El artista anónimo

Los grandes autores de iconos en la tradición ortodoxa nunca firmaban sus obras. El artista anónimo nos ofrece una explicación de esa forma de actuar. Enmarcada en una historia sencilla y sin alardes, dicha razón constituye una lección de vida que hay que considerar.

El protagonista se llama Olavi. Es un anciano que regenta una pequeña tienda de venta de obras de arte, que consigue en las subastas a las que acude para nutrir así las existencias de su negocio. Vive para eso. Pero tiene un sueño, un propósito que culmine su larga vida: conseguir una obra importante que le permita alcanzar una última venta y así poner punto final a su oficio y descansar de tantos esfuerzos. Pero Olavi ha dejado tras de sí asuntos pendientes. La dedicación a su tarea le ha llevado a olvidarse de su familia (una hija y un nieto) a los que abandonó hace tiempo enfrascado en sus intereses.

En esta situación se producen dos circunstancias que conforman el eje narrativo de El artista anónimo.

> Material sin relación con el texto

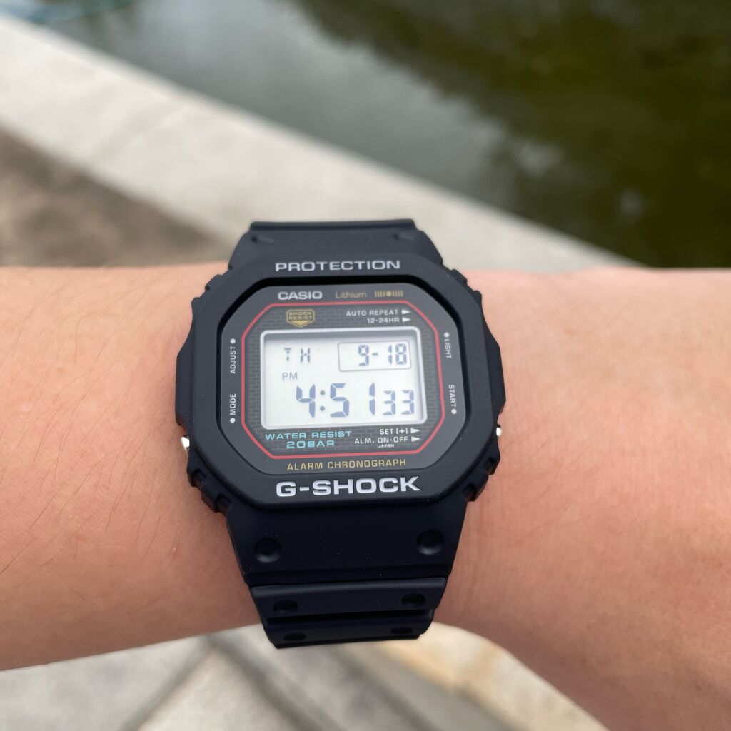 こちらのお時計は、初代G-SHOCKであるDW-5000Cの復刻モデルで発売から人気のモデルになっております。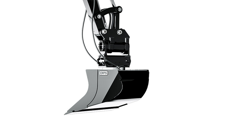 Das Zusammenspiel beider Komponenten verleiht dem Bagger eine nahezu »handgelenksartige« Beweglichkeit. Der Tilt übernimmt das Schwenken, der Rotatorlöffel ermöglicht die vollständige Drehbarkeit. So lassen sich auch komplizierte Geländeverläufe problemlos darstellen. Selbst bei Hindernissen im Baufeld muss die Maschine nicht ständig neu positioniert werden – vielmehr lässt sich darum herum arbeiten. Das spart laut DMS Zeit, reduziert den Kraftstoffverbrauch und steigert die Effizienz. Die Besonderheit des DMS-Rotatorlöffels ist laut eigener Aussage der in den Löffelkörper integrierte Drehantrieb. Dadurch bleibe der Löffel besonders kompakt und die empfindlichen Teile des Antriebs seien durch die Kapselung bestens geschützt. Die schmale Stielspitze erlaubt im Übrigen das Arbeiten in tiefen Gräben ohne den Nachteil eines hohen Leergewichts. Durch die einfache Demontierbarkeit über den klassischen Schnellwechsler lässt sich das Anbaugerät mit unterschiedlichen Maschinen einsetzen. Die Form eines Planierlöffels liefert die notwendige Vielfalt möglicher Einsätze, ohne dabei die Performance der Maschine zu beeinträchtigen. In Kombination mit einem Tilt lässt sich der Löffel ähnlich wie an einem Tiltrotator bewegen. Ein abschließender Tipp: Sowohl der DMS-Rotatorlöffel als auch der »DMS Tilt« lassen sich auf der RATL in Karlsruhe im Live-Einsatz begutachten.d

Por un lado, descubre un retrato de autor anónimo que entiende tiene un gran valor, aunque la ausencia de la firma del artista hace que disminuya el interés de muchos. Sin embargo, él está convencido de encontrarse ante una obra importante y arriesga lo que tiene (y lo que no) para conseguirla. Recordamos la parábola del mercader de perlas que al encontrar una de gran valor vende todo lo que tiene y la compra. Algo así sucede en esta película. Encontrar un motivo que da un postrero sentido a su vida lleva al protagonista a subordinarlo todo a ese fin.

Por otro lado, su nieto adolescente, un completo desconocido, entra en su vida pidiéndole hacer prácticas escolares en su negocio. A pesar de su negativa inicial el joven va convirtiéndose poco a poco en un colaborador necesario y eficaz en la investigación que Olavi emprende para descubrir la autoría del cuadro deseado.

Paralelamente, asistimos a la confrontación entre dos formas de considerar el arte: la de quienes enfocan el tema como un negocio en el que cabe el engaño y la impostura; y la de quien se rinde a la belleza y la profundidad de la obra que tiene ante sí.

Klaus Härö, realizador finlandés que ya nos había ofrecido muestras de un cine humanista (Cartas al padre Jacob y La clase de esgrima) de hondura y sensibilidad nos regala una película sencilla que pone su valor en las interpretaciones de sus protagonistas y en una historia que aporta un mensaje que subraya el valor de los buenos sentimientos.